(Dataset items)
....................
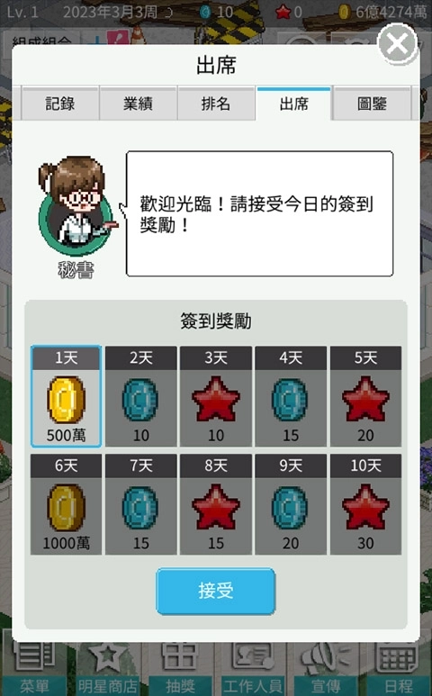 1、玩家要管理偶像的时间、精力和资金等资源,成为一名优秀的偶像经纪人。
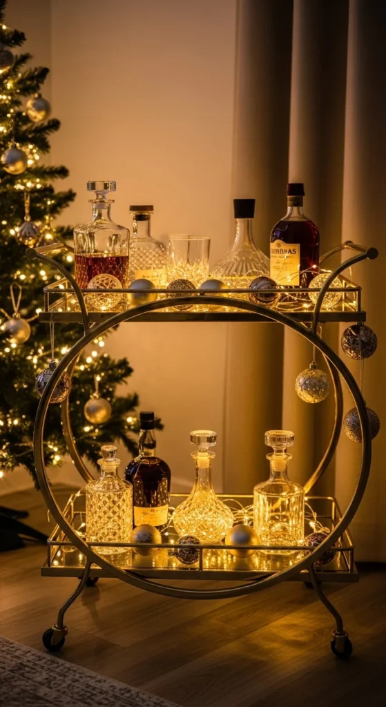 Set the tone with a gold bar cart that doubles as decor. Use gold-trimmed glassware, a few candles, and metallic ornaments to bring instant glam. Add a tray with signature cocktails like cranberry mimosas or spiced rum punch. If you’re tight on space, even a small side table works. Keep it simple but polished — your guests will love helping themselves to drinks.
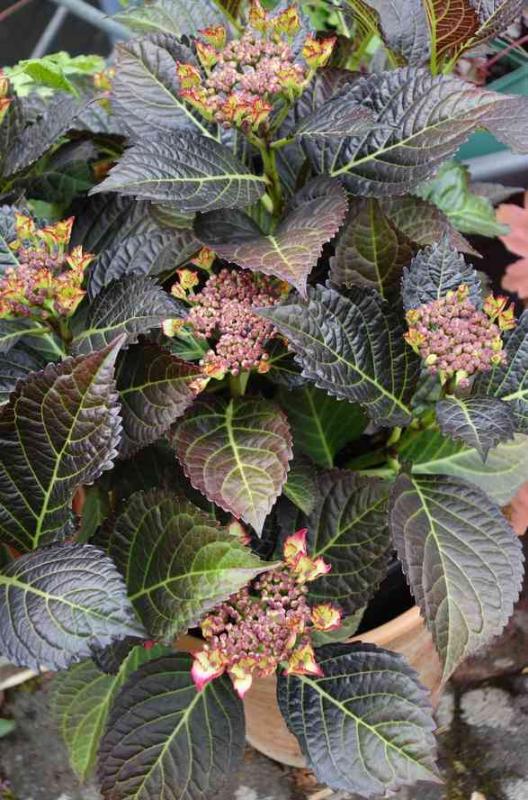 Auch Hydrangea 'Dark Angel' könnte passen.
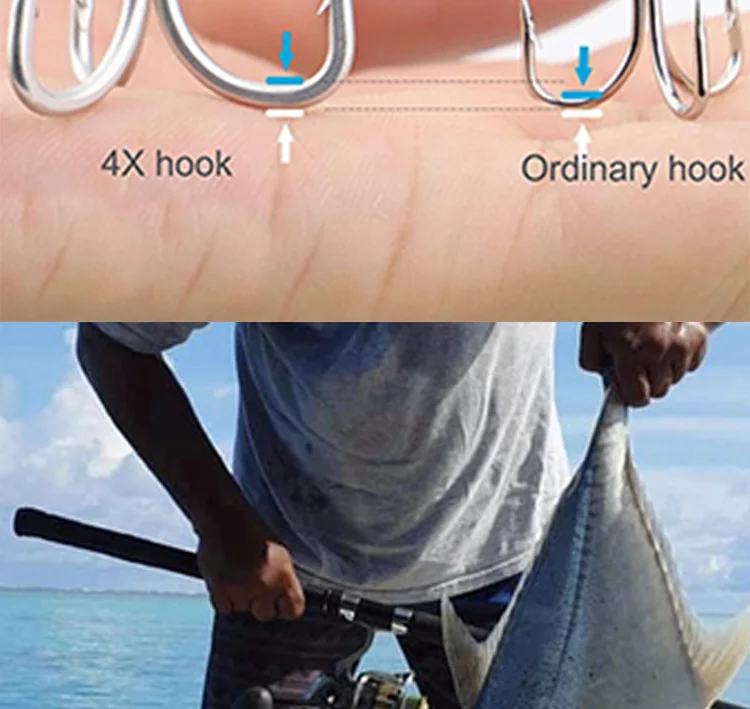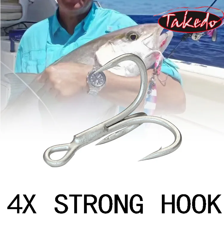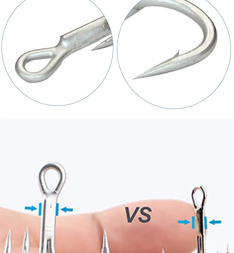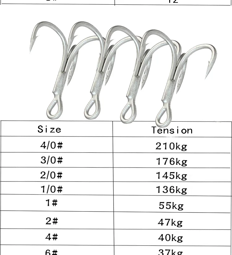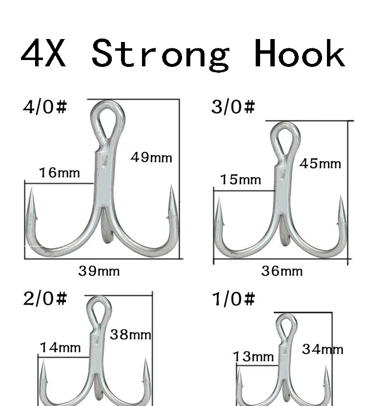 Afilado fino: El enorme anzuelo triple 4X presenta la finura de la punta afilada con durabilidad, lo suficientemente fuerte como para mantenerse firmemente en la boca de un pez grande, sin escapes.
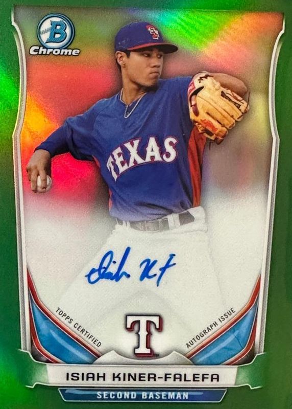 Best Prices Available For Sale of Isiah Kiner-Falefa 2014 Bowman Chrome #BCAP-IK Prospect Auto - Green Refractor /75
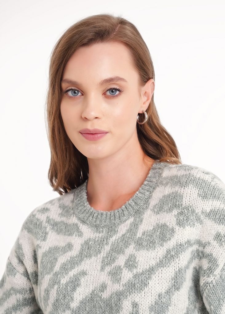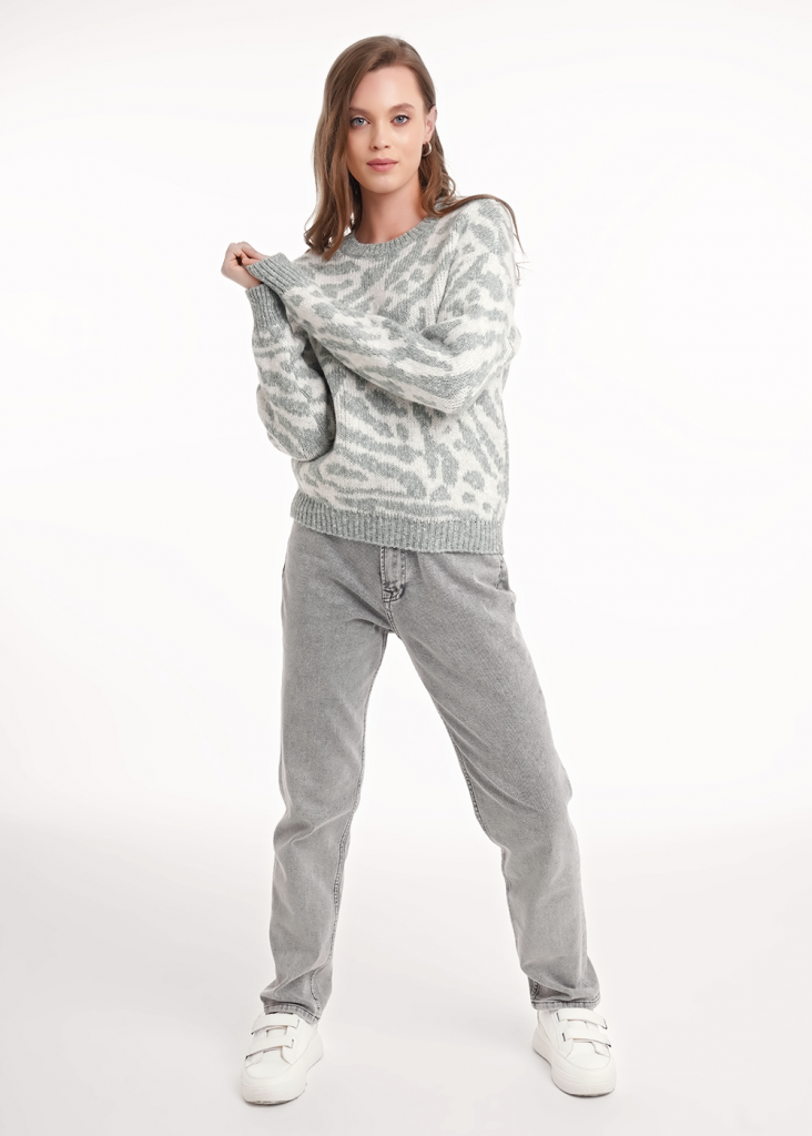 CLE Джемпер жен. 154484/188апх, меланж зелёный/меланж серый
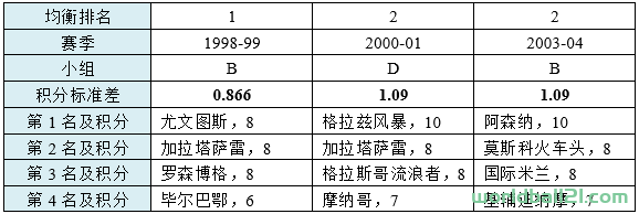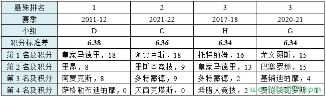 统计学上用标准差来衡量一组数据的离散程度,标准差越大,说明分布越不均匀。从这个角度,2011-12赛季的D组,是最“贫富悬殊”的小组。
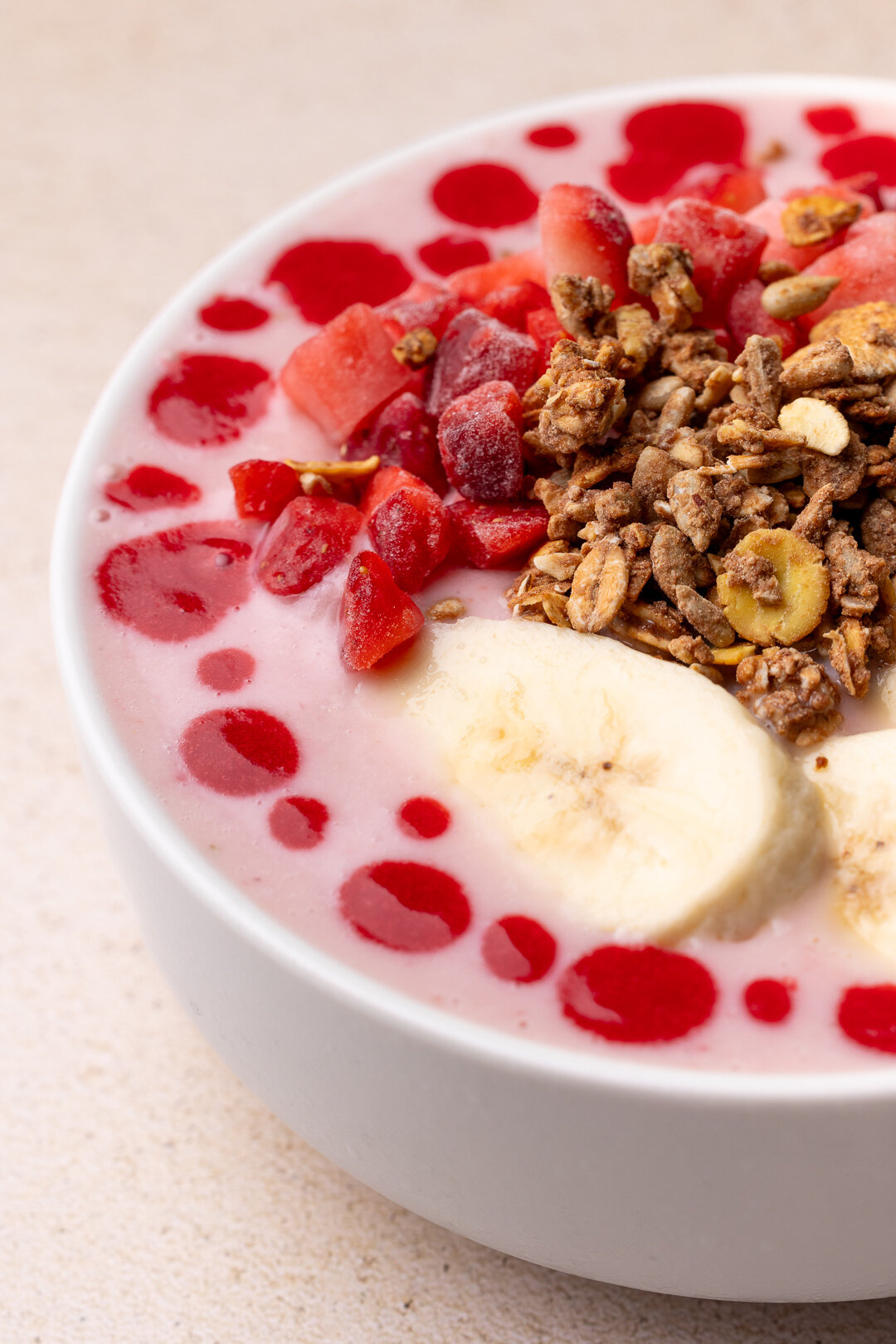 Scoop the blend into a bowl, and add frozen strawberry dices, banana, and peanut butter granola on top.
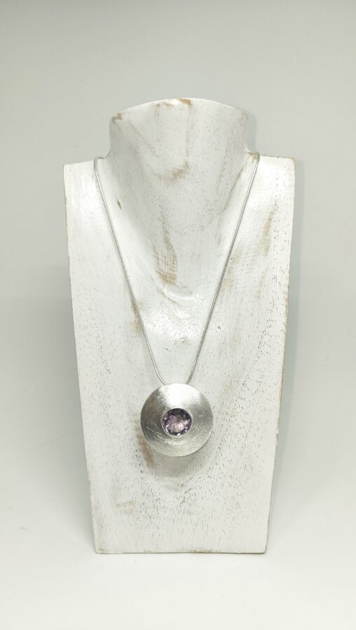 Silber Anhänger mit Amethyst facettiert. Gesamtdurchmesser 3,2 cm; Stein 1,2 cm.
....................
Leave out every picture and transcribe the remaining entries exactly.

 1、玩家要管理偶像的时间、精力和资金等资源,成为一名优秀的偶像经纪人。
 Set the tone with a gold bar cart that doubles as decor. Use gold-trimmed glassware, a few candles, and metallic ornaments to bring instant glam. Add a tray with signature cocktails like cranberry mimosas or spiced rum punch. If you’re tight on space, even a small side table works. Keep it simple but polished — your guests will love helping themselves to drinks.
 Auch Hydrangea 'Dark Angel' könnte passen.
 Afilado fino: El enorme anzuelo triple 4X presenta la finura de la punta afilada con durabilidad, lo suficientemente fuerte como para mantenerse firmemente en la boca de un pez grande, sin escapes.
 Best Prices Available For Sale of Isiah Kiner-Falefa 2014 Bowman Chrome #BCAP-IK Prospect Auto - Green Refractor /75
 CLE Джемпер жен. 154484/188апх, меланж зелёный/меланж серый
 统计学上用标准差来衡量一组数据的离散程度,标准差越大,说明分布越不均匀。从这个角度,2011-12赛季的D组,是最“贫富悬殊”的小组。
 Scoop the blend into a bowl, and add frozen strawberry dices, banana, and peanut butter granola on top.
 Silber Anhänger mit Amethyst facettiert. Gesamtdurchmesser 3,2 cm; Stein 1,2 cm.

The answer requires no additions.